Gang Master est de ces films qui rappellent ce qu’a été la Shaw : un réservoir de techniciens talentueux, de réalisateurs inspirés, notamment dans la direction artistique grâce aux décors du studio qui apportent une patine, quitte parfois à délaisser l’écriture. Les années 1970 et le début des années 1980 regorgent de films de cette qualité, avant que l’inspiration ne se tarisse et cède, au milieu des années 1980, vers des films bien plus lambdas et dans l’ère de ce qu’il se faisait ailleurs à Hong Kong. La Shaw Brothers semble être une infinie variation du Jiang Hu, le monde des héros martiaux chinois, où les réalisateurs essaient tant bien que mal d’apposer leur touche. Tsui Siu-ming a, à ce titre, parfaitement accompli cette mission sur Gang Master.

Bonus de Spectrum Films

Présentation d’Arnaud Lanuque (12min). Arnaud Lanuque présente Gang Master en trois temps principaux : 1. le portrait du réalisateur Tsui Siu-ming, ancien enfant star et chorégraphe dont Gang Master est le premier et unique film qu’il réalisé pour la Shaw avant de mener une vaste carrière dans des coproductions sino-hongkongaises, bien avant la loi de 2004 ; 2. une présentation brève et intéressante du contexte historique de la dynastie Yuan et des films de sociétés secrètes ; 3. le portrait de l’acteur principal Austin Wai, acteur talentueux qui réussira principalement une carrière de seconds rôles.

Interview de Ku Feng et Chen Kuai-tai par Frédéric Ambroisine (archive de 2007, 15min). Dans la plus grande bonne humeur, les deux acteurs, qui ont de nombreuses fois joué ensemble, partagent leur souvenir commun et le respect qu’ils se vouent mutuellement. L’interview a lieu dans le cadre d’un diner commémoratif de la Shaw et on aperçoit en fond de nombreuses célébrités telles que Lily Li ou Ti Lung.
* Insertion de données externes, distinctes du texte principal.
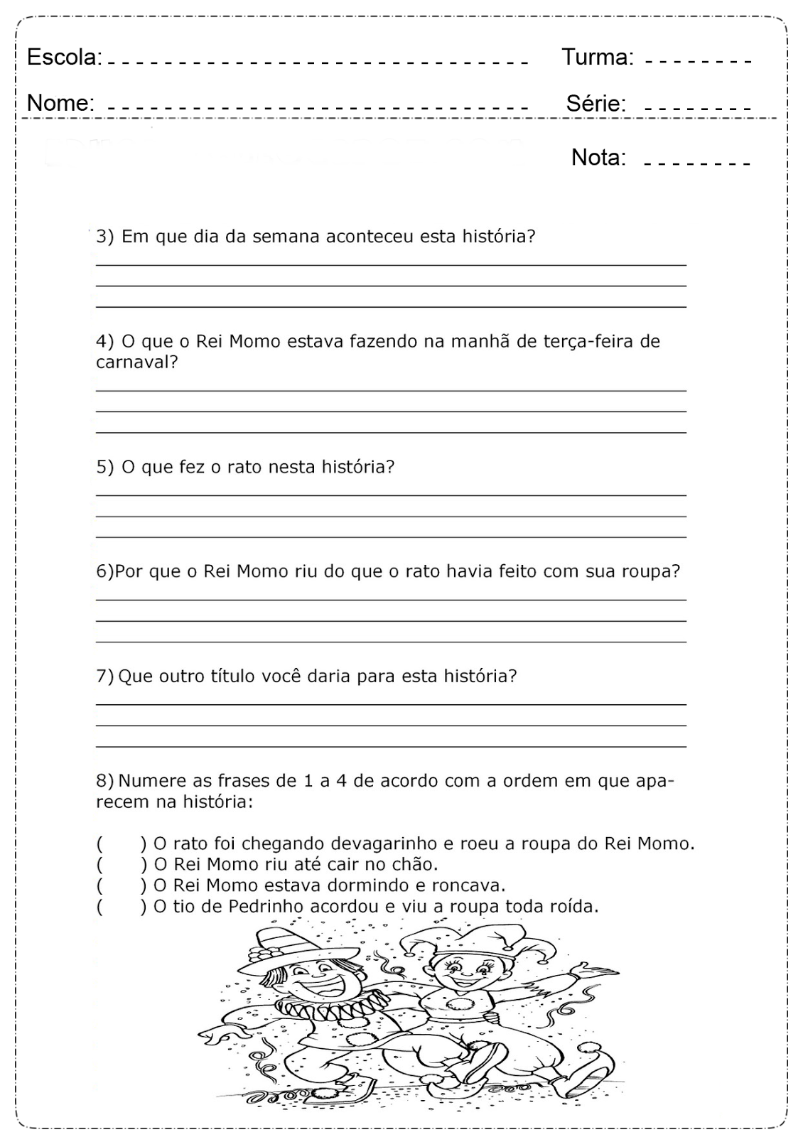 ATIVIDADES DE CARNAVAL PARA O 4º ANO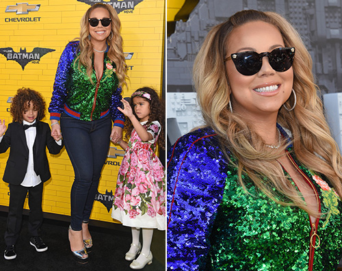 Bomber verde paillettato con zip maliziosamente aperta, ( ma non troppo, dal momento che si è trattato di un evento per famiglie) e skinny jeans, Mariah ha sfilato raggiante davanti ai fotografi stringendo i suoi bambini per mano.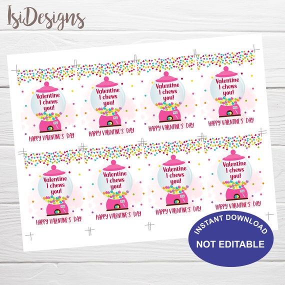 PRINTABLE VALENTINE I CHEWS You Tags or Stickers Bubble Gum Etsy
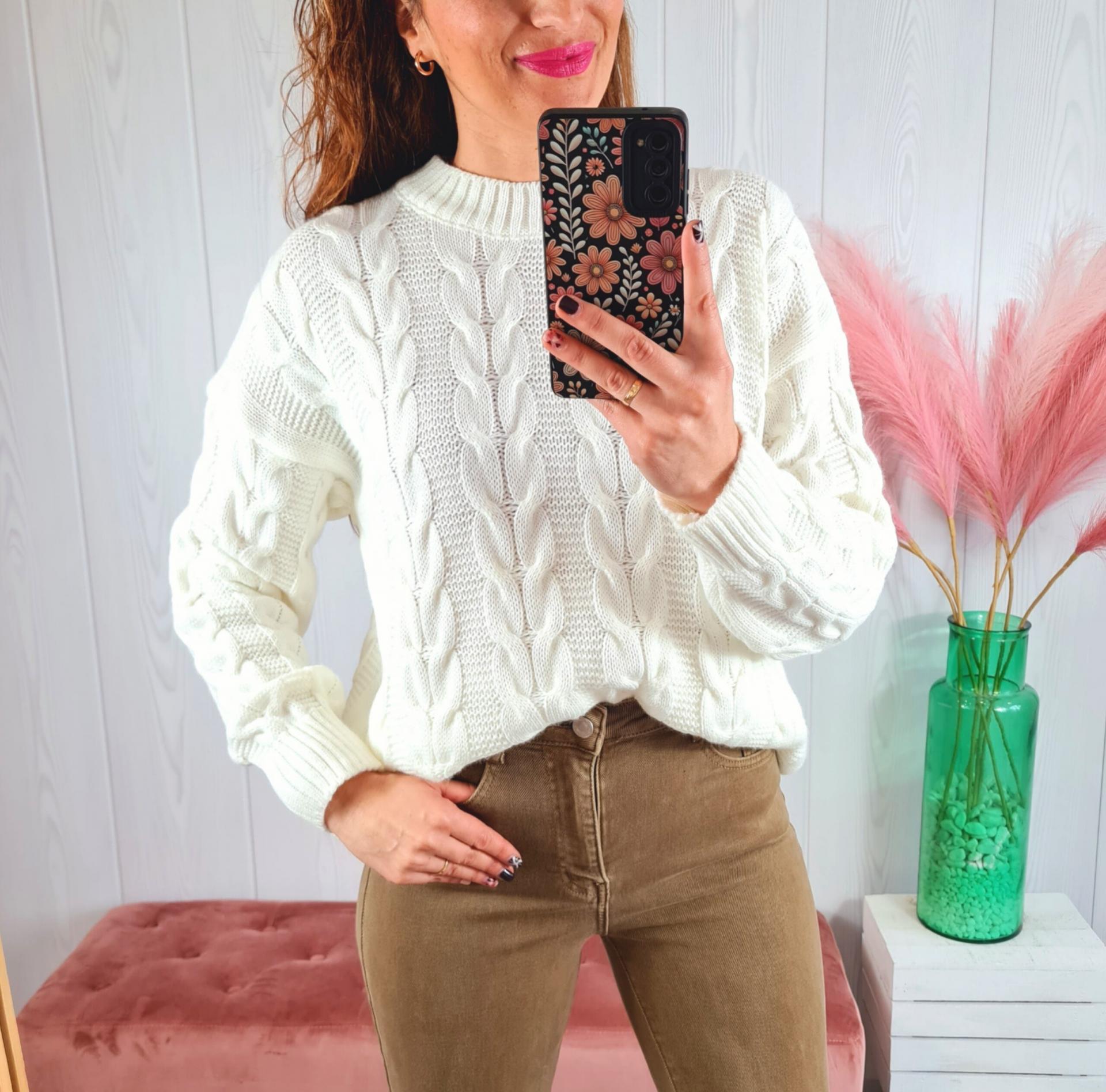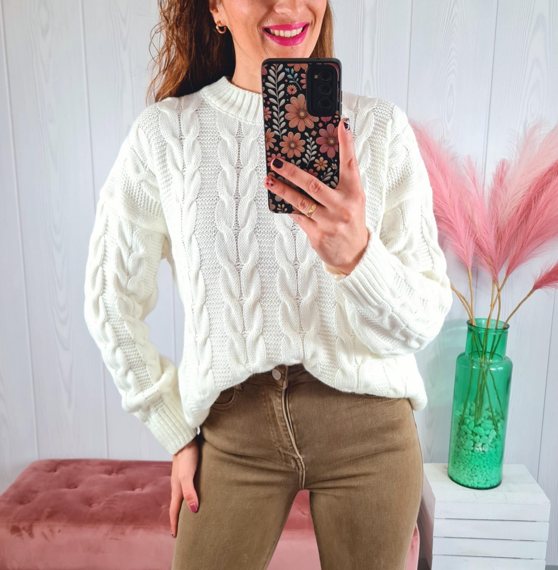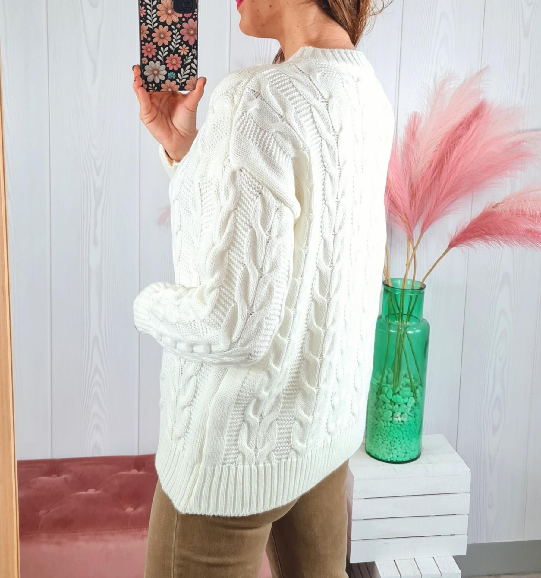 Jersey blanco con punto trenzado. Tiene cuello redondo y manga larga.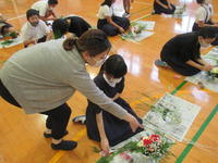 今日の午後、4・56年生は「フラワーアレンジメント教室」を体験しました。

Interview de Jason Pai Piao (15min). L’un des acteurs de Gang Master partage ses souvenirs sur la vie comme acteur à la Shaw Brothers et comment s’est déroulé le tournage du film. Il explique par exemple que Tsui Siu-ming était un réalisateur assez difficile et exigeant. Il décrit également l’intention d’origine de Tsui Siu-ming : montrer les rites actuels des triades par le biais d’un intrigue dans la Chine ancienne, pour éviter la censure.
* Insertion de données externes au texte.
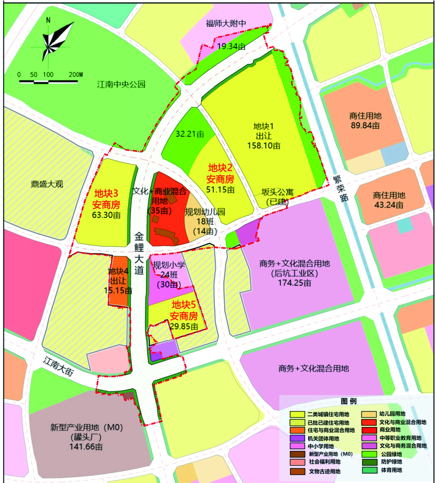 以金鲤大桥和金鲤大道建设为主线,规划用地面积749亩,综合考虑地块出让、群众安置、文物和老建筑保护等的规划布局,对沿路区域实施更新改造,计划总投资43亿元。片区内规划:可出让住宅/商住用地(317亩)、商业用地(35亩)、小学用地(30亩)、幼儿园用地(14亩),其余为道路、公园绿化等用地。其中,金鲤大桥全长1.97公里;金鲤大道全长约2.2公里,宽度50米,双向6车道。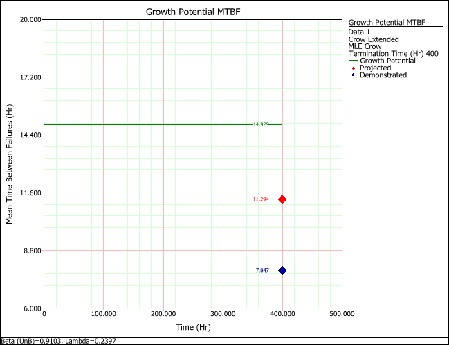 The green Growth Potential line shows that the maximum achievable MTBF given the current management strategy is 14.9957 hours.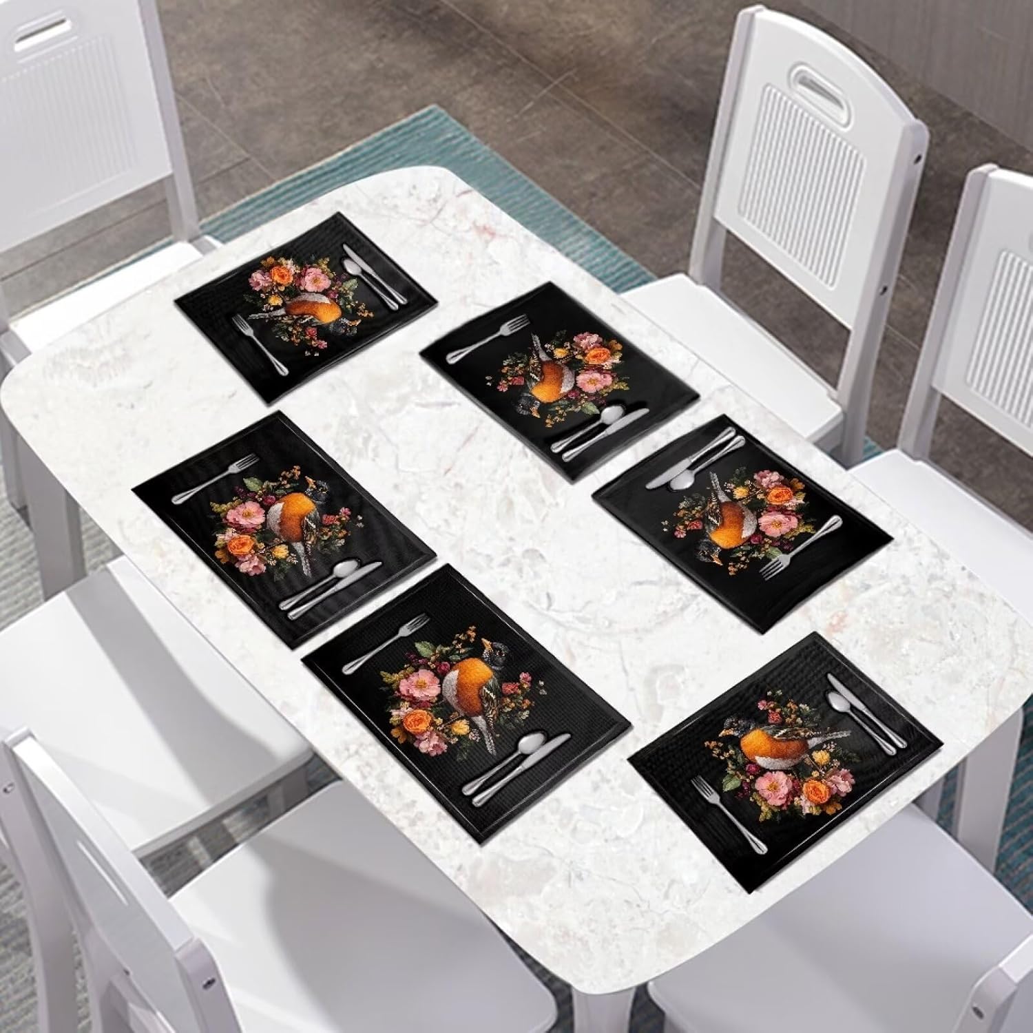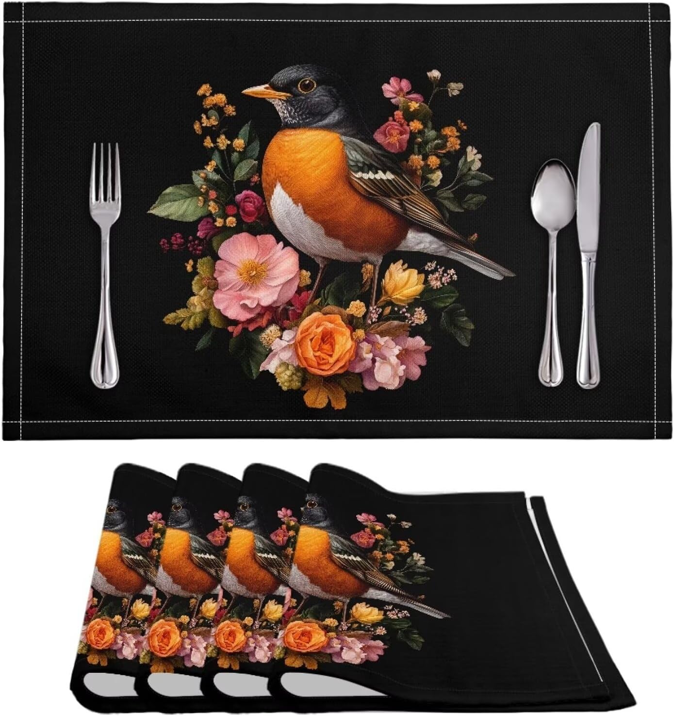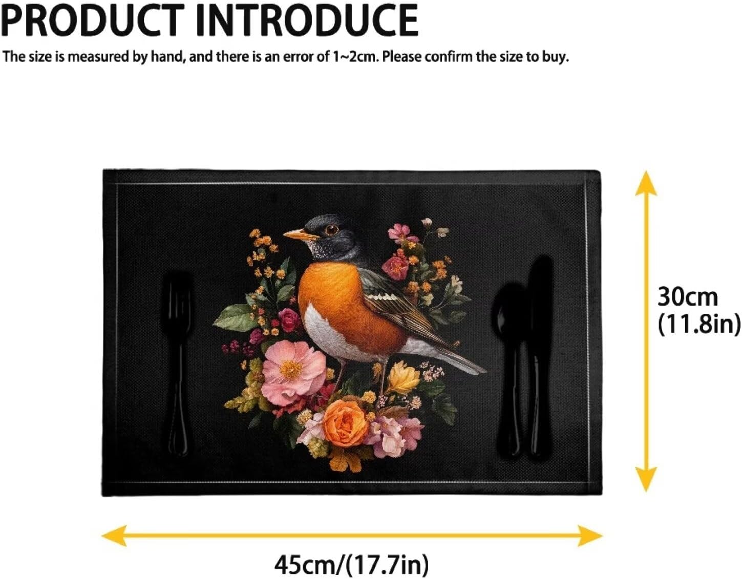4 PCS Dining Table Mats Sturdy Non Slip Placemats for Kitchen Cafe Restaurant Heat Resistant Soft Countertop Accessory Decor, 11.8 x 17.7 Inch, American Robin Floral Black

Interview de Lawrence Wong (10min). L’ancien secrétaire de la Shaw Brotthers apporte quelques anecdotes à propos de l’embauche de Tsui Siu-ming et de comment se portait la société à cette époque.

Interview du Tsui Siu-ming (30min). Le réalisateur se livre longuement sur ses multiples facettes (enfant star, ancien pensionnaire de l’opéra cantonais, spécialiste en arts martiaux et chorégraphe). Il renouvelle l’explication de Jason Pai Piao concernant son intention sur Gang Master. Il évoque sa façon de concevoir le film d’action dans les années 1980 et sa relation avec la productrice Mona Fong.

Maxime Bauer.

Gang Master de Tsui Siu-ming. Hong Kong. 1982. Disponible dans le coffret Blu-ray What Price Honesty?/Gang Master paru chez Spectrum Films en septembre 2022.